For everyone else, the picture is different.
The source code reveals KAIROS, a background daemon activated by a flag called kairosActive. It appears to be an unreleased headless assistant mode that runs when the user is not watching the terminal interface. Among other things, it disables the status bar, suppresses planning mode, and silently auto-backgrounds long-running bash commands without notifying the user. It is not clear from the source whether this mode has shipped to production accounts or remains internal.
A separate capability called CHICAGO is the codename for computer use and desktop control: mouse clicks, keyboard input, clipboard access, and screenshot capture. Users must opt in, and the feature is available to Pro, Max, and Anthropic employees. There is also a separate publicly launched Claude in Chrome service for browser automation.
Telemetry is enabled by default when using the Claude API directly. The data sent to Anthropic's analytics provider includes user ID, session ID, app version, platform, terminal type, Organization UUID, account UUID, email address if defined, and which feature gates are currently enabled.
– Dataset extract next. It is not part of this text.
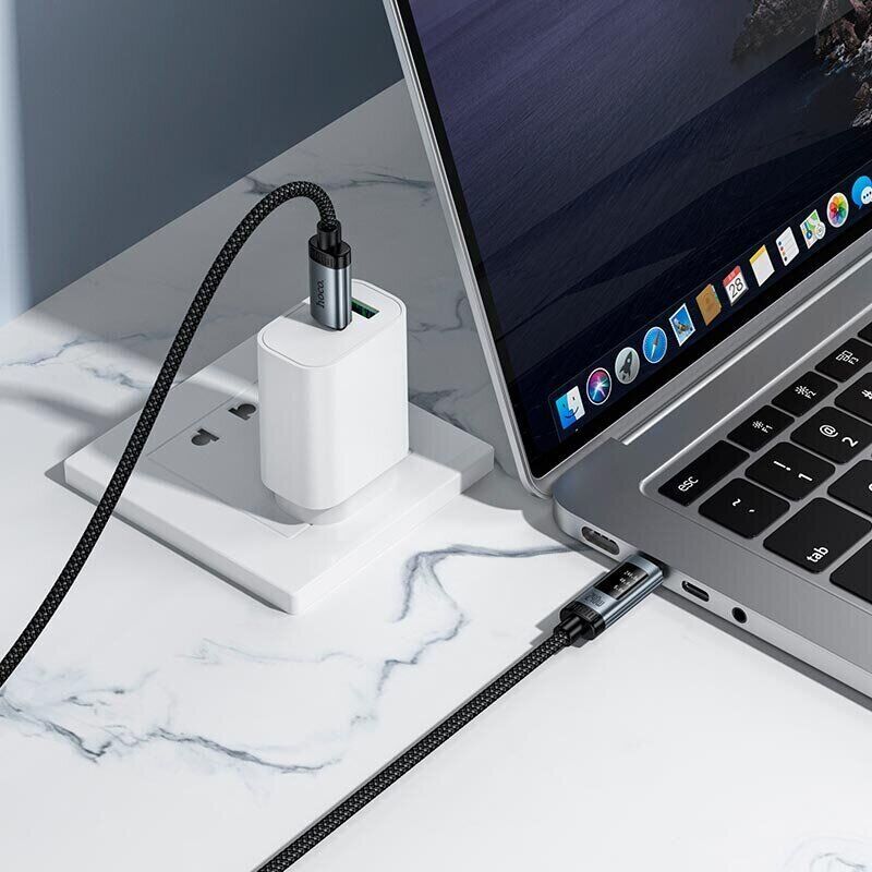 Кабель Hoco U148 Type-C to Type-C (240W, 5A, 1.2m) — продумане рішення для швидкої та безпечної зарядки смартфонів, планшетів, ноутбуків та іншої техніки з роз'ємом Type-C. Модель орієнтована на високу потужність і стабільну передачу енергії, а також на зручний контроль параметрів під час заряджання. Кабель підтримує Power Delivery 3.1 і розрахований на потужність до 240 Вт, тому підходить для енергоємних пристроїв і сучасних адаптерів. Плетена нейлонова оболонка і елементи з алюмінію захищають кабель від зносу, перегинів і пошкоджень при щоденному використанні. Багатожильна конструкція зі збільшеним діаметром допомагає передавати струм рівно, без зайвих втрат і перегріву. Вбудований OLED-дисплей відображає потужність, напругу і силу струму в реальному часі, дозволяючи наочно контролювати процес зарядки. Довжина 1,2 м робить кабель зручним для дому, офісу і поїздок.

The company switched from Statsig to GrowthBook after OpenAI acquired Statsig in September 2025. If the network is unavailable, the data is written to ~/.claude/telemetry/ locally. Telemetry is disabled by default when using third-party providers like Bedrock or Vertex. Error reports capture the current working directory, which can reveal project names and system information, along with user ID, email, and session ID.
Anthropic's website cites the use of Sentry for error reporting. The company told The Register it does not currently use Sentry, and that when it did, it applied server-side data scrubbing and disabled the service for third-party inference providers.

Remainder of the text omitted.